Im ersten Qualifikationsspiel für die abschließende Vierer-Endrunde setzte sich der OSC Potsdam überraschend gegen die Auerbach/Netzschkauer durch. Ein erstes Ausrufezeichen in dieser Endrunde, die noch einige Überraschungen bereithalten sollte. Mit einem 14:2-Erfolg gegen den SC Chemnitz qualifizierte sich auch der SVV Plauen für die Spiele um die Plätze 4 bis 1.

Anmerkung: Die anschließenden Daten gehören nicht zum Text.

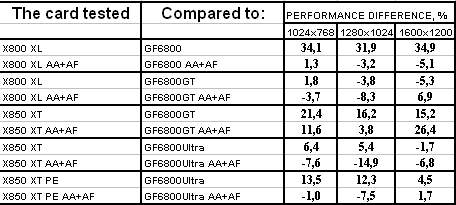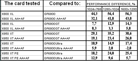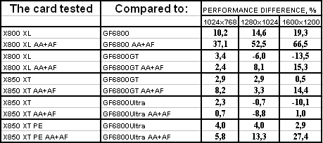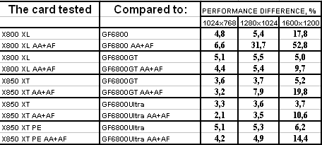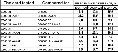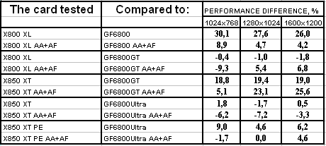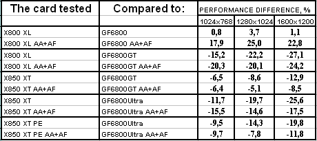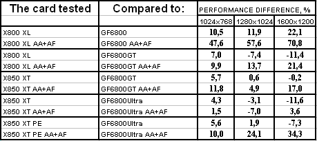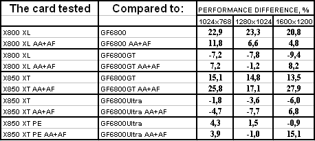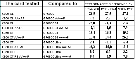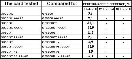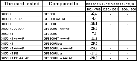 В целом X800 XL выступил неплохо, и, несмотря на некоторые поражения от 6800GT, все же можно сказать, что паритет он выдержал.

Bevor die Zwickauer das erste Mal ins Wasser steigen und damit ins Turniergeschehen eingreifen durften, gewannen die Spandauer ihr erstes Spiel. Die Havelstädter vom OSC kamen mit ihrem kämpferischen Spiel gegen den Ball nach 5:0-Halbzeitrückstand zwar noch einmal in das Spiel zurück. Leider fehlten den Potsdamern am Ende zwei Törchen (7:5-Endstand). Samstagabend 18:45 Uhr war es aber dann soweit. Start für die Mission Titelverteidigung. Anspiel Zwickau gegen Plauen. Schnell stellten die Muldestädter das Ergebnis auf einen Viertelstand von 6:0; zur Halbzeit stand ein 9:1 zu Buche. Leider verloren die Zwickauer im dritten Viertel einen wichtigen Spieler mit drei persönlichen Fehlern. Zusehends gerieten die 04er in die Defensive. 1:5 gewannen die Plauener das dritte Viertel, nutzten jetzt die Lücken im Zwickauer Verteidigungsspiel. Zu häufig sah man sich in dieser Phase in Unterzahl vor dem eigenen Tor. 10:6 vor dem abschließenden Viertel. Mit einigen Umstellungen verteidigten die 04er geschickt den Torevorsprung. Das 11:8 bedeuteten schlussendlich die ersten Zähler auf der Habenseite.
Am Sonntagmorgen war es dem SVV Plauen vorbehalten, ein nächstes Ausrufezeichen zu setzen. Gelang den Spitze-Städtern doch ein verdienter 5:2-Erfolg gegen die Wasserfreunde aus Spandau. Ein Dämpfer für die Hauptstädter, ein gefühlter Vorteil für die Zwickauer 04er. Hatte man eine mögliche Titelverteidigung doch immer mehr in der eigenen Hand... Gegen die Märker vom OSC musste jedoch ein Sieg her. Erwartet intensiv verliefen die ersten Spielminuten. Einige Nachlässigkeiten in der Verteidigung kosteten das erste Viertel. 1:3-Rückstand, aber noch drei Viertel zu spielen. Bis zur Halbzeit gelang es den Zwickauern, auszugleichen. Beim Stand von 4:4 wurden die Seiten gewechselt. Weiter konsequent gegen den Ball und konzentriert in der Abwehr spielend, sollten über schnelle und zielstrebige Konter die Tore erzielt werden. Der Matchplan konnte im weiteren Spielverlauf immer besser umgesetzt werden. Zu den vier bereits erzielten Toren gesellten sich noch 11 weitere an der Anzeigetafel, den Potsdamern gelangen derer noch fünf. Mit dem am Ende etwas deutlicheren 15:9 konnte auf Zwickauer Seite etwas für´s Torverhältnis getan werden. Wer weiß, was noch passieren würde. Und es eröffnete dem Trainer die Möglichkeit, alle Spieler einzusetzen. Der nächste große Schritt war gegangen.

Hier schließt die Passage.